View Issue Details
|ID||Project||Category||View Status||Date Submitted||Last Update|
|0017324||CentOS-7||centos-release||public||2020-05-05 00:04||2020-05-08 09:23|
|Platform||Centos 7.X||OS||Centos||OS Version||Centos 7.7|
|Summary||0017324: CPU hot add feature in ESXi causing Centos 7.X VM to crash due to race condition when free memory in guest VM is quite low.|
|Description||What problem/issue/behavior are you having trouble with?
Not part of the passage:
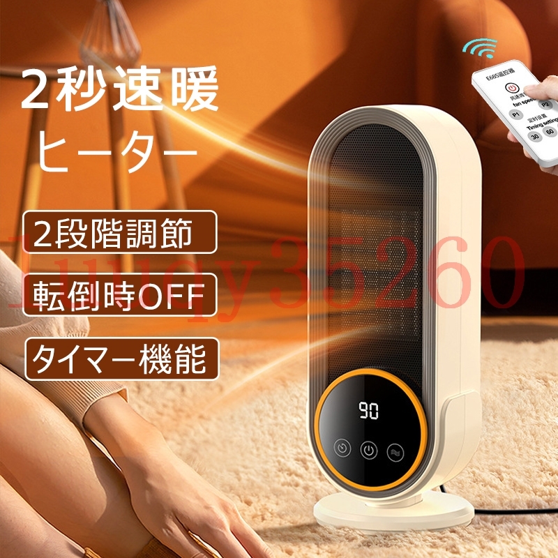 - 電気ファンヒーター セラミックヒーター 小型 上 PTC 速暖 転倒自動OFF 静音 過熱保護 暖房器具 省エネ 足元 タイマー 節電 温風 脱衣所

What do you expect to see?|
When free memory in Centos 7.7 guest VM (tested Kernel version : 3.10.0-1062.12.1.el7.x86_64) running on VMware (tested ESXi 6.7) environment is below 110MB or 120MB, then CPU hot add operation can cause the VM to panic unexpectedly. Exactly same issue has been found in Red-hat 7.7 and it has been confirmed that the issue is a bug and fix will be needed. This issue eventually happens not only in 7.7 but also in every version of Centos 7.X. Same issue has been found on Red-hat and Red-hat confirmed this is the bug that needs to be fixed. Please refer to https://bugzilla.redhat.com/show_bug.cgi?id=1819807 for the same issue on the Red-hat.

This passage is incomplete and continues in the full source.